How does reimbursement today compare with reimbursement three years ago?

As someone who personally has sat with families and walked them through the reimbursement journey for CAR-T, I can tell you that it has gotten much better. .

There were periods where patients simply would be waiting on their payer to cover their therapy. Luckily, I think we’ve seen the maturation of the coding and reimbursement environment over the past two years, largely thanks to that advocacy from the American Society for Transplantation and Cellular Therapy and the American Society of Hematology. Today, around 90% of plans have coverage for CAR-T.

But they’re still nuances. For starters, it’s not just about the cost of the therapy, but the associated costs for delivering a therapy, including leukapheresis, the administration of steroids and other related costs. The coding considerations have not been inclusive of the full cost surrounding CAR therapy and this has been presented in a number of forums. But it impacts patients and providers and practices, and I would like to see this improve over time as cellular therapy becomes mainstream. I think with increased policy advocacy, we can definitely get to a healthier state.

Are some CAR -T therapies and indications more appropriate for the community setting than others?

As different products are tested, there will be clear winners that are more suitable for the community setting. And those will likely (be) therapies that have lower toxicity profiles, so that you can ensure you’re not going to have to admit your patient to the hospital.

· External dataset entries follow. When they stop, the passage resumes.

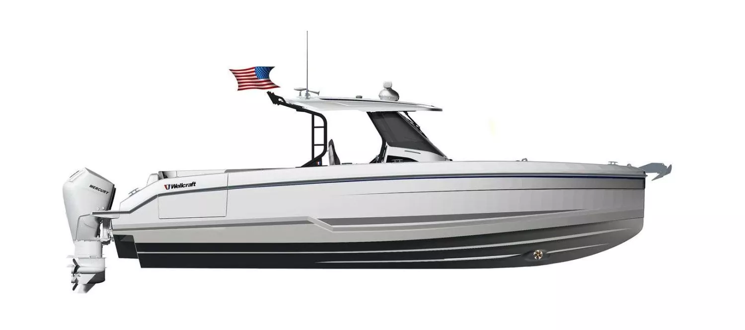 Grâce à la technologie W.I.S.E. (Wellcraft Infujection Structure Engineering) et à la coque signée Navia, le bateau bénéficie d’une structure plus légère, plus rigide et plus performante.
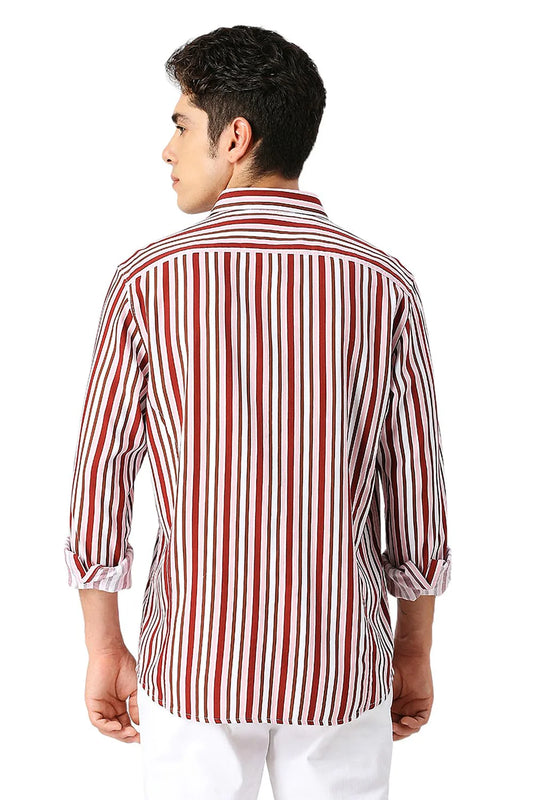 Basics Mens MAROON SLIM STRIPES SHIRT - 24BSH54938
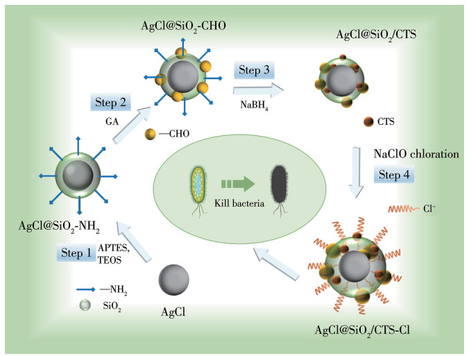 Herein, we establish a facile one-pot route (Scheme 1) to prepare amino-silica functionalized silver chloride (AgCl@SiO2-NH2) nanoparticles (NPs). Then we graft glutaraldehyde, the linker molecule, onto the surface of AgCl@SiO2-NH2 to afford AgCl@SiO2-CHO. Further, we conjugate CTS, the chloramine precursor possessing an amide bond, onto the surface of AgCl@SiO2-CHO to yield AgCl@SiO2/CTS. Finally, we chlorinate AgCl@SiO2/CTS with sodium hypochlorite to obtain AgCl/CTS-based N-chloramine (AgCl@SiO2/CTS-Cl). This article deals with the preparation and characterization of AgCl@SiO2/CTS-Cl as well as the evaluation of its antibacterial performance towards Escherichia coli (E. coli) and Staphylococcus aureus (S. aureus) bacteria as the model pathogens.
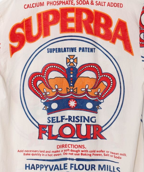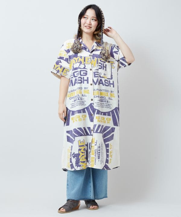 【タイ直輸入】大胆な広告柄が魅力のシャツワンピース。前開き仕様で羽織りとしても使える2WAYデザイン。柔らかく風合いのあるタイコットン素材で、コーデの幅が広がる一枚。
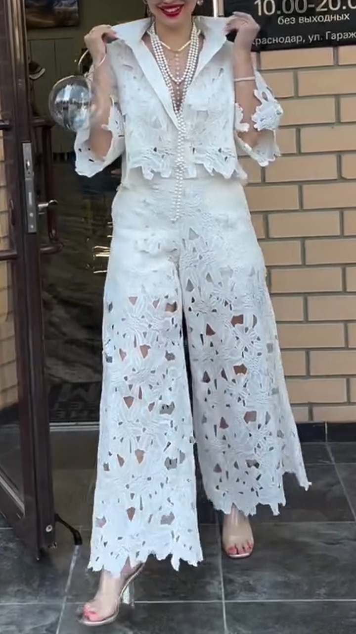 Ladies' Lapel Print Hollow Solid Color Casual Set

With the current generation of CAR-T therapies, most folks would say that there have been different experiences with the two primary players. But over time, I think we will definitively determine which immune effector cells are more appropriate from an outpatient perspective and which are more suitable for inpatient administration.

So I think the verdict is still largely out.

*This transcript has been edited for clarity and length.